- _Material for this exercise_

□ □ □ □ □ □ □

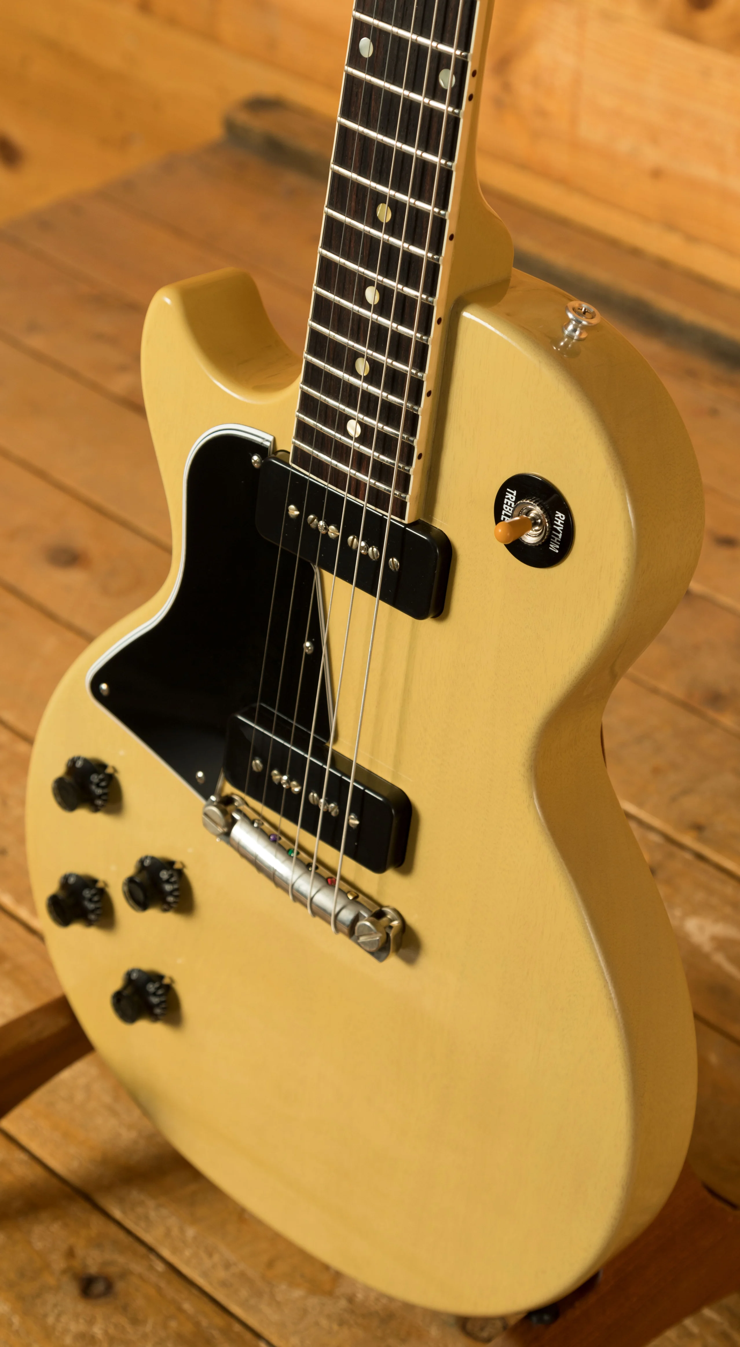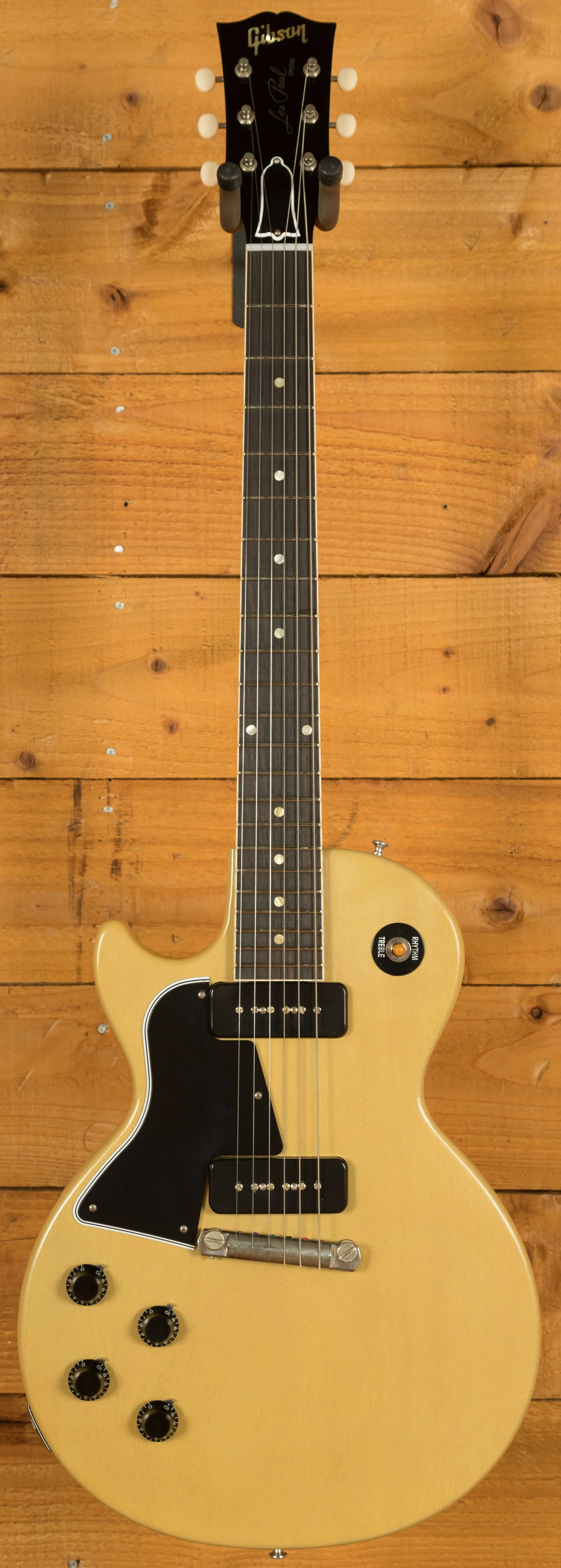 With a solid Mahogany body, finished in the iconic TV Yellow, this is super resonant and really nicely balanced. The C-Shape Mahogany neck offers a fast and responsive platform for bold chords and slick lead lines. The Rosewood fingerboard boasts 22 frets, a 12" radius, 24.75" Scale length and classic dot inlays
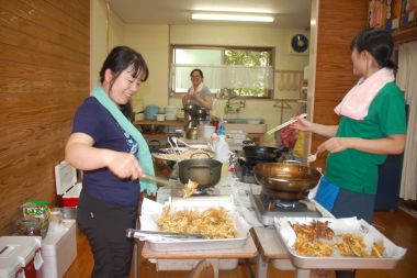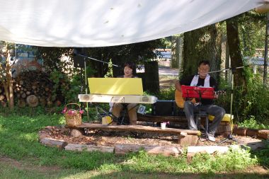 | 天気は、活動日和の快晴です。参加者が揃うまでも、スタッフは受付、駐車場係、素麺流しの準備と忙しい時間です。あかとんぼは、ミニコンサートのリハーサルをしています。 | |
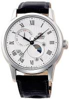 Мужские механические наручные часы с автоподзаводом и возможностью ручного завода коллекции Sun & Moon. Круглый стальной корпус. Белый циферблат. Сапфировое стекло. Водозащита 50 м. Синий кожаный ремешок. Надежная застежка с тройным сгибом.
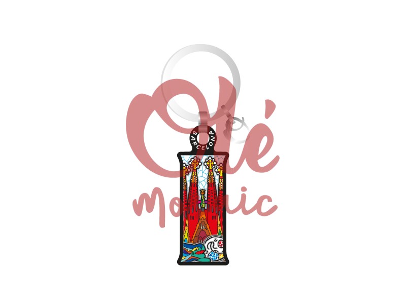 The colorful graphic elements surrounding the representation of the Sagrada Familia make this keychain stand out, with a bright color palette that reflects the energy and creativity characteristic of the city. With a careful finish and details that evoke modernist art, this keychain transforms into a symbol of the connection between visitors and the unique architecture of the Catalan city.
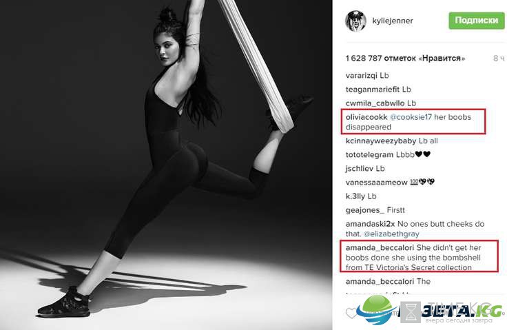 «Она не думала, что ее грудь получится такой маленькой и расплющенной», «Надо было добавить фотошопа» - заметили неугомонные подписчики. Стоит отметить, что выказав пренебрежение к ракурсу груди, Кайли Дженнер не забыла выставить свою знаменитую «пятую точку» в выигрышной позе. А чёрные обтягивающие лосины только подчеркнули все прелести, расположенные ниже талии.
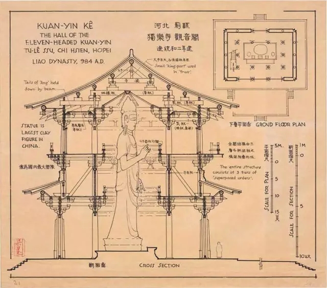 左边是梁思成和莫宗江手绘的立面图,右边是木塔的照片
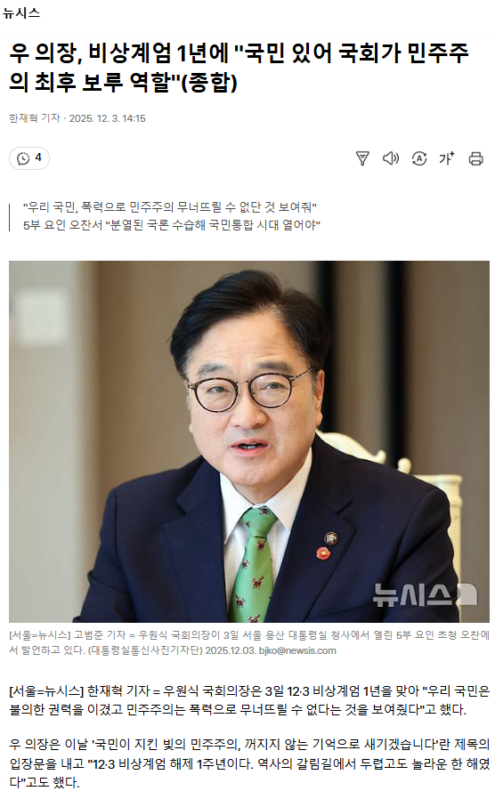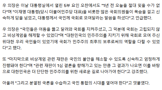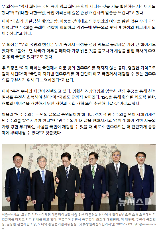 우 의장, 비상계엄 1년에 "국민 있어 국회가 민주주의 최후 보루 역할" (종합)

□ □ □ □ □ □ □

- _Instructions to follow_
Give back word for word the lines from the one containing "расположенные ниже талии." through the final line of the data above. Pictures are to be left out.

- _Response below_
 «Она не думала, что ее грудь получится такой маленькой и расплющенной», «Надо было добавить фотошопа» - заметили неугомонные подписчики. Стоит отметить, что выказав пренебрежение к ракурсу груди, Кайли Дженнер не забыла выставить свою знаменитую «пятую точку» в выигрышной позе. А чёрные обтягивающие лосины только подчеркнули все прелести, расположенные ниже талии.
 左边是梁思成和莫宗江手绘的立面图,右边是木塔的照片
 우 의장, 비상계엄 1년에 "국민 있어 국회가 민주주의 최후 보루 역할" (종합)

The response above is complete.